Data records:
§

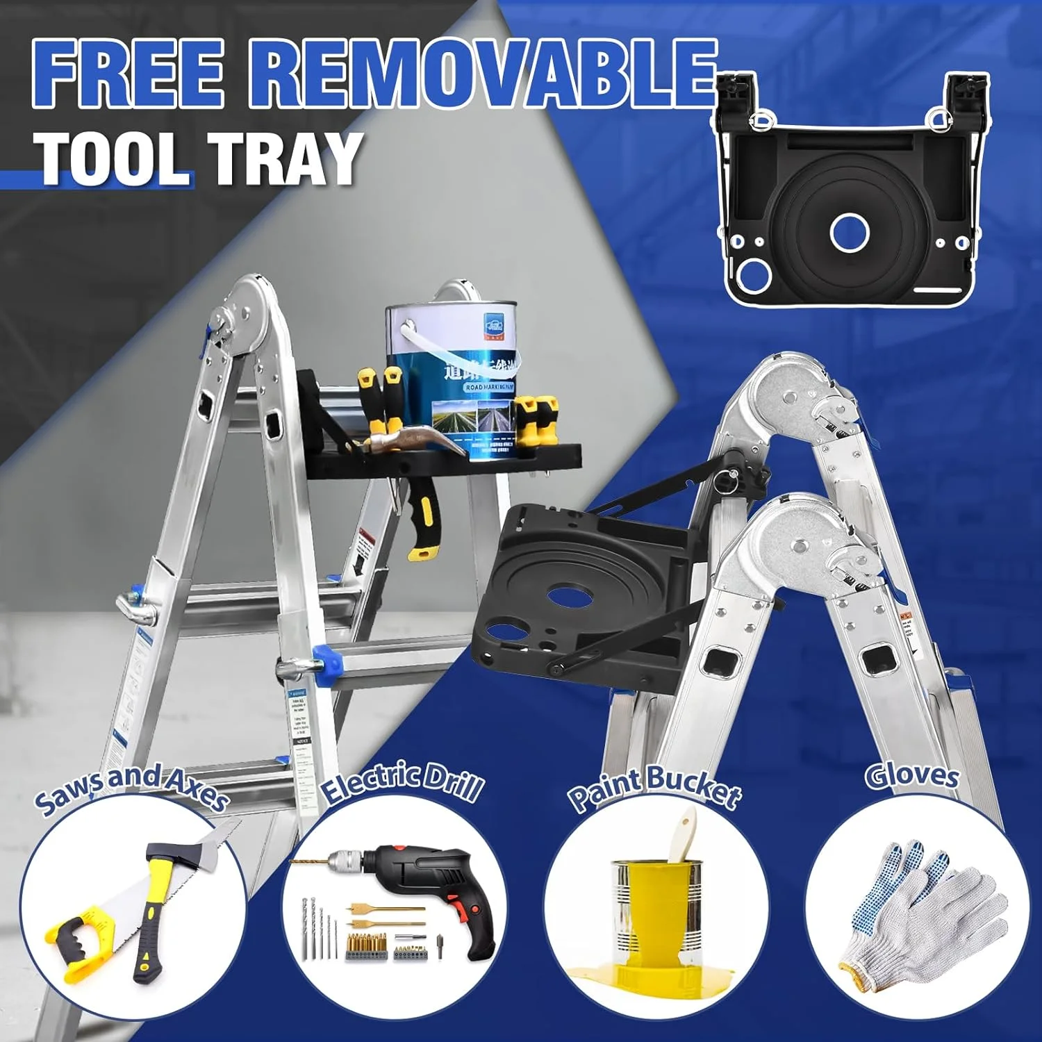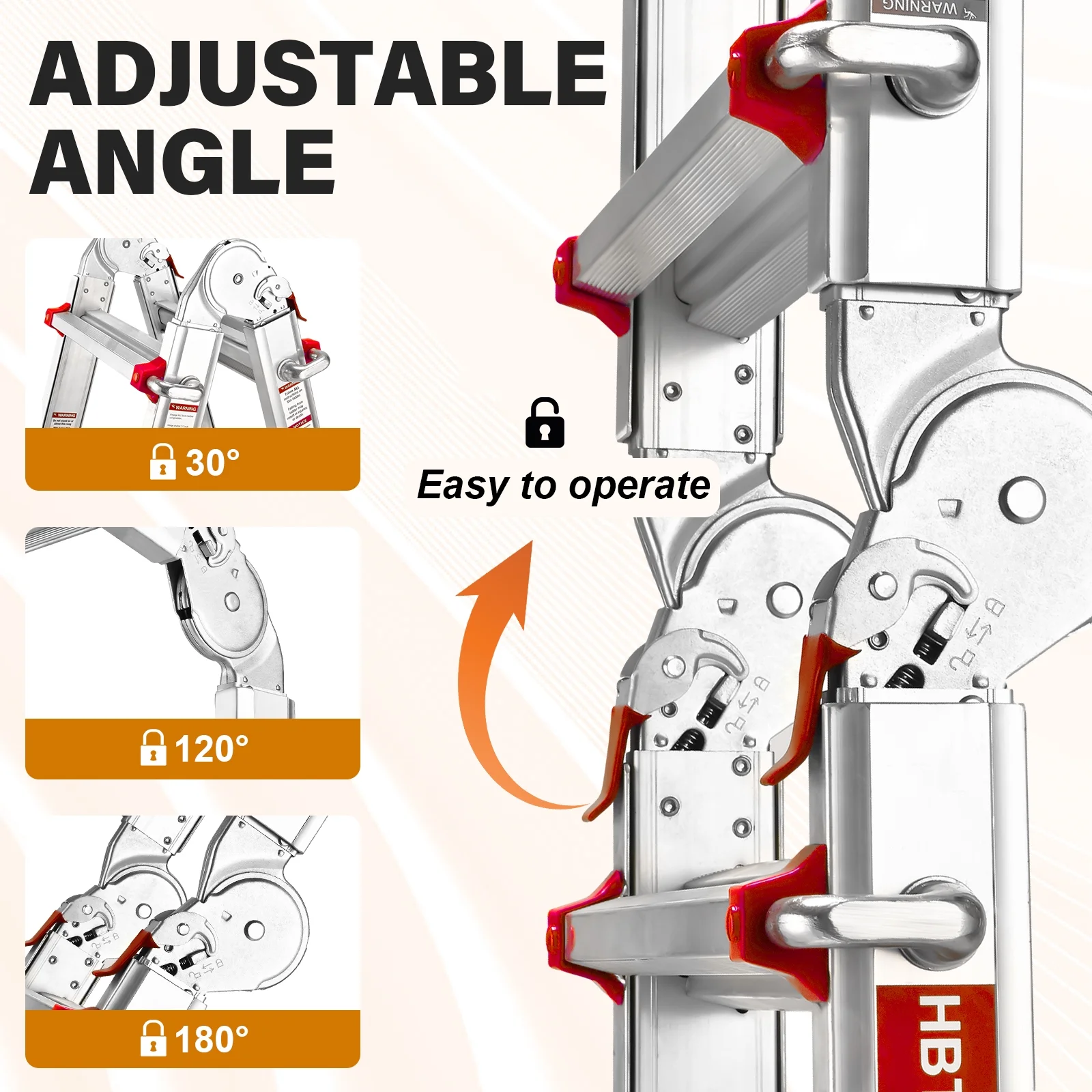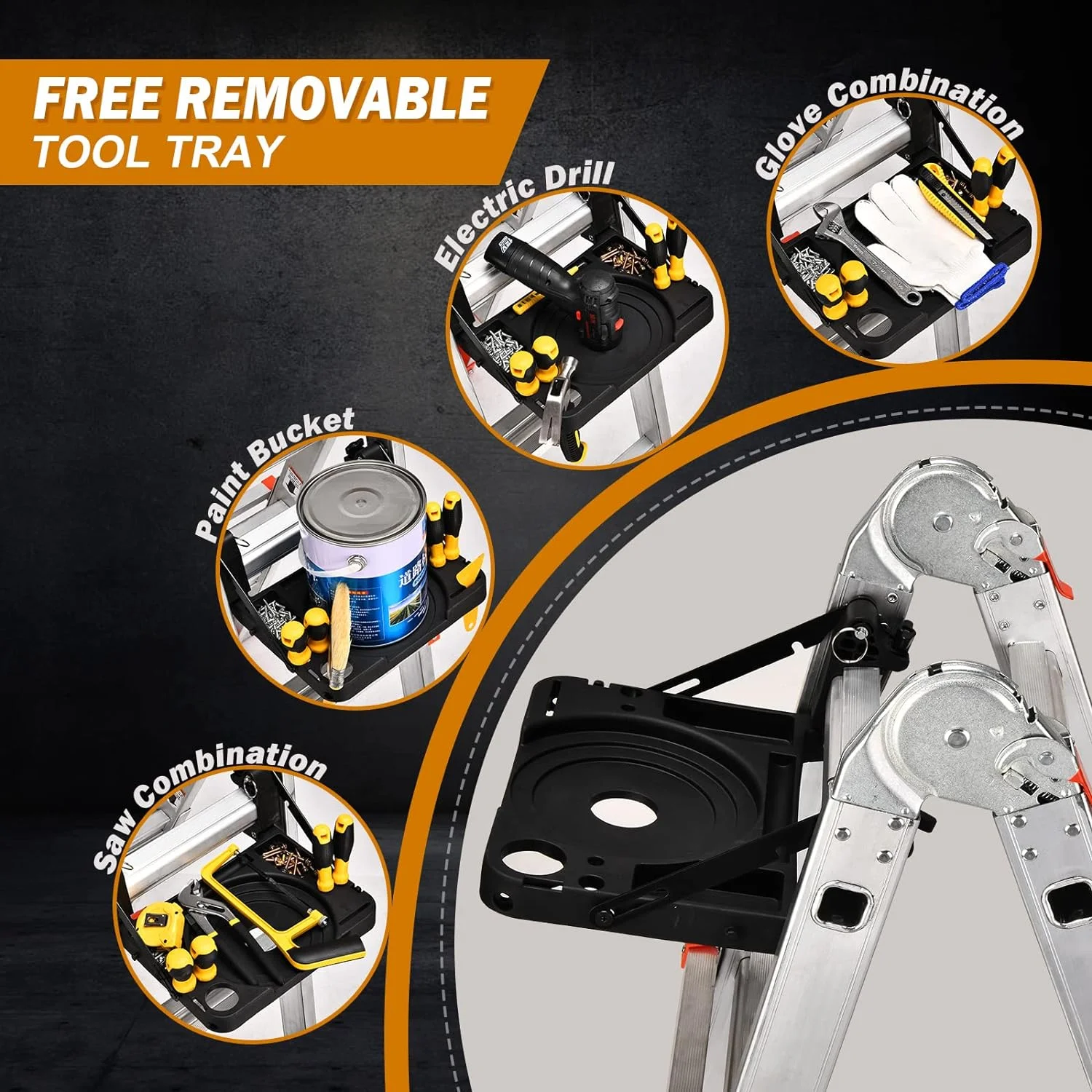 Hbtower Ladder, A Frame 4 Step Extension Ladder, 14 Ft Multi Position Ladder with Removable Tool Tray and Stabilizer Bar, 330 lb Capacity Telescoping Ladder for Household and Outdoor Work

§

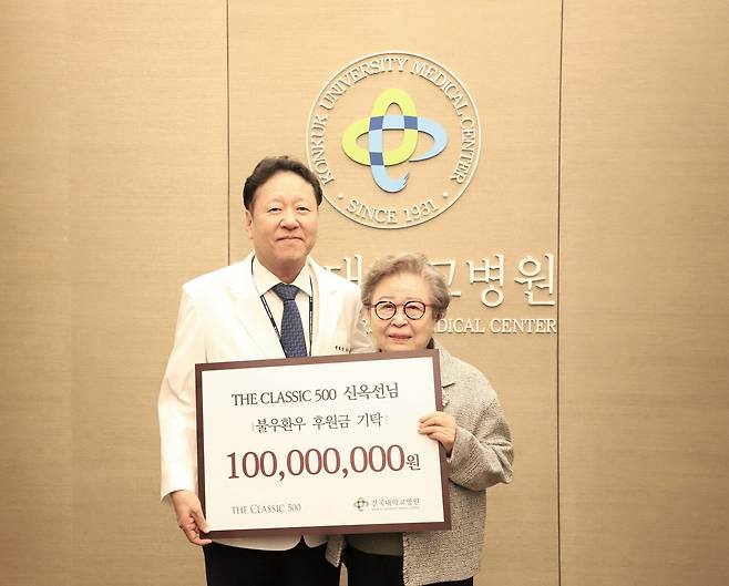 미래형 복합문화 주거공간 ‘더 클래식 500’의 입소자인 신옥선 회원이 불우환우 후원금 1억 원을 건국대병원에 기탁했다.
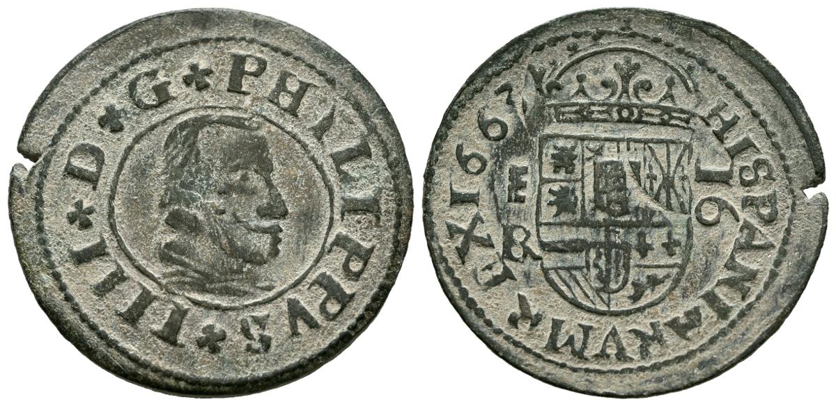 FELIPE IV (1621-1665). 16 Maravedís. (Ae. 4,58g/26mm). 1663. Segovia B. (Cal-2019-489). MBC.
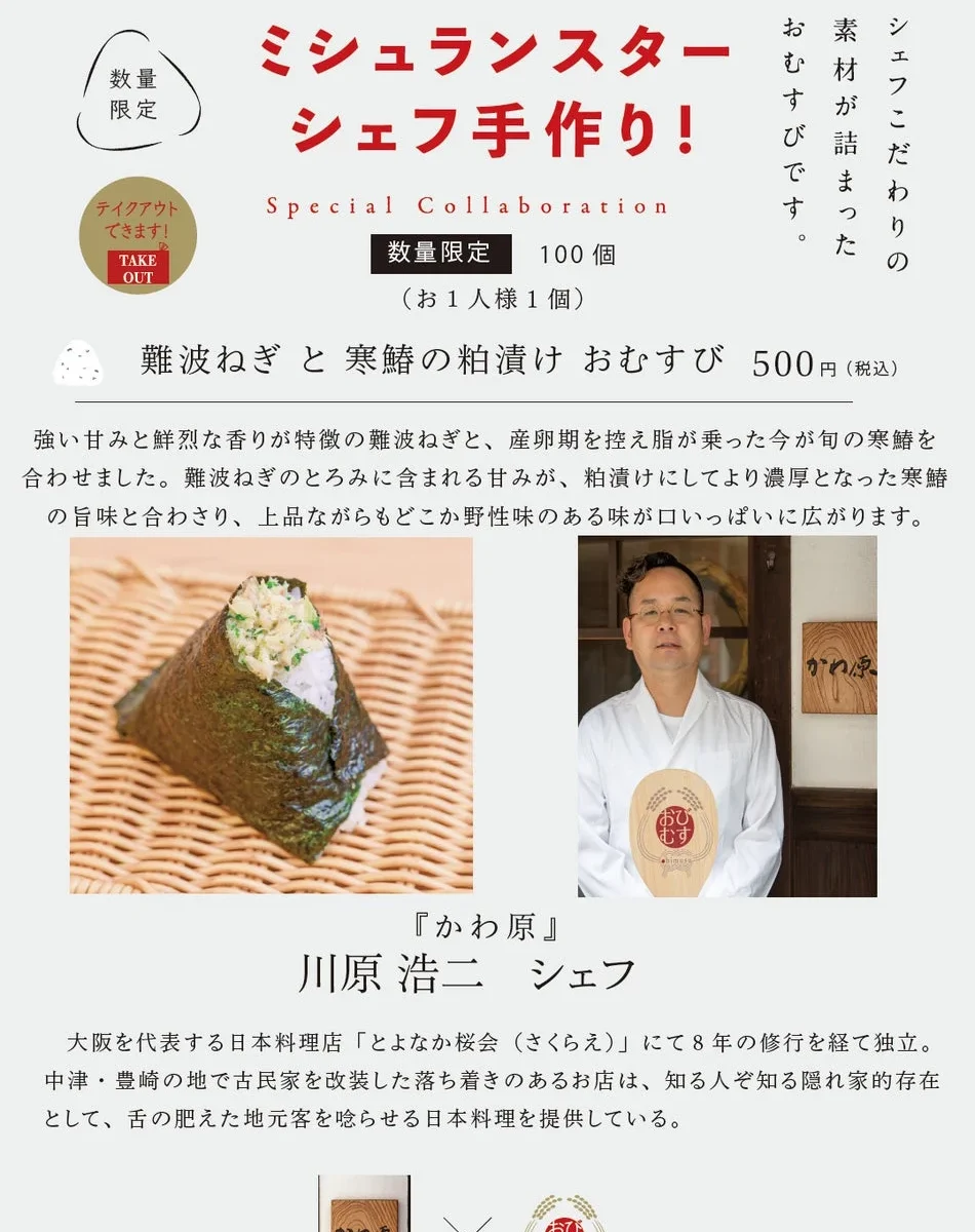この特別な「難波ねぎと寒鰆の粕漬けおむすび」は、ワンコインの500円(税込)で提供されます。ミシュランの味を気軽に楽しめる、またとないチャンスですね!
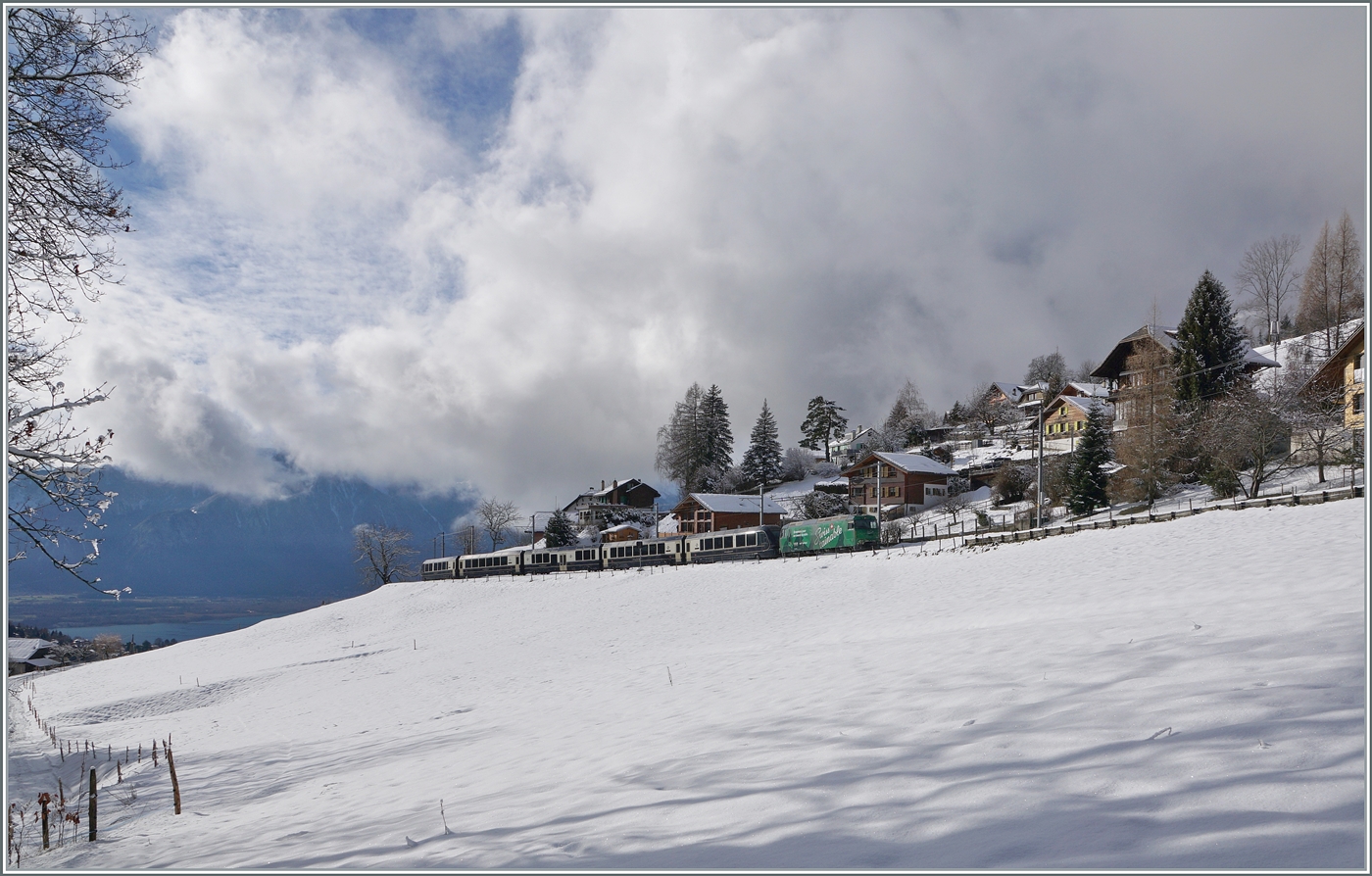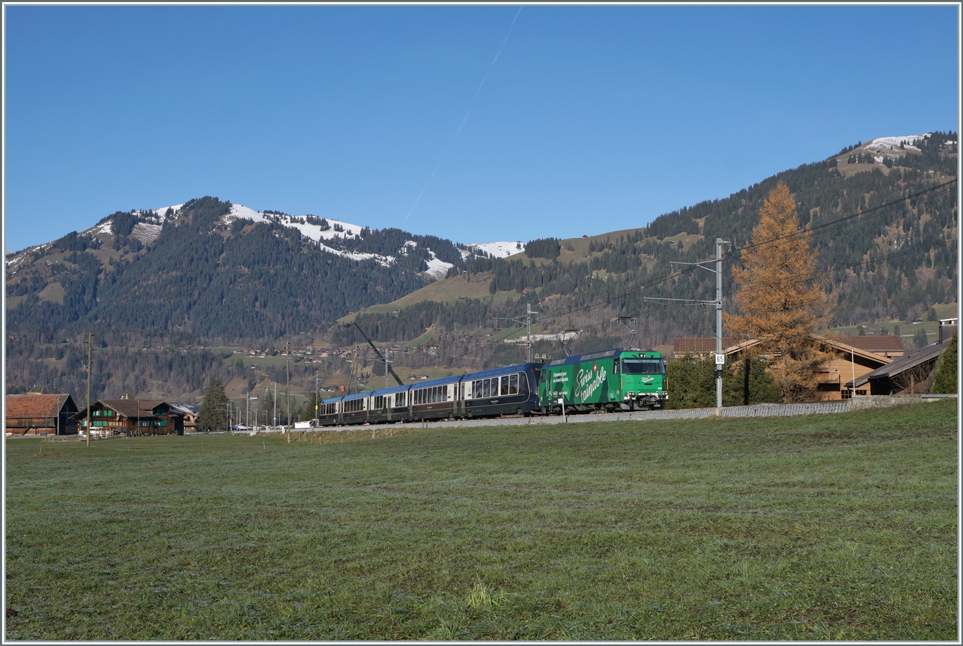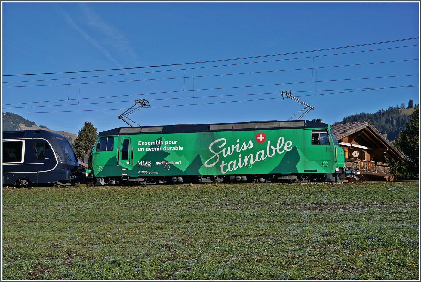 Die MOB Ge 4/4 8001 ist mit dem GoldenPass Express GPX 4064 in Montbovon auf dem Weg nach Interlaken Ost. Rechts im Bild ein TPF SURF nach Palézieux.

§

Your assignment: Given the listing above, repeat exactly the lines starting at the one with "この特別な「難波ねぎと寒鰆の" and ending at the one with "Die MOB Ge 4/4", inclusive, excluding pictures.

Exercise output:
この特別な「難波ねぎと寒鰆の粕漬けおむすび」は、ワンコインの500円(税込)で提供されます。ミシュランの味を気軽に楽しめる、またとないチャンスですね!
 Die MOB Ge 4/4 8001 ist mit dem GoldenPass Express GPX 4064 in Montbovon auf dem Weg nach Interlaken Ost. Rechts im Bild ein TPF SURF nach Palézieux.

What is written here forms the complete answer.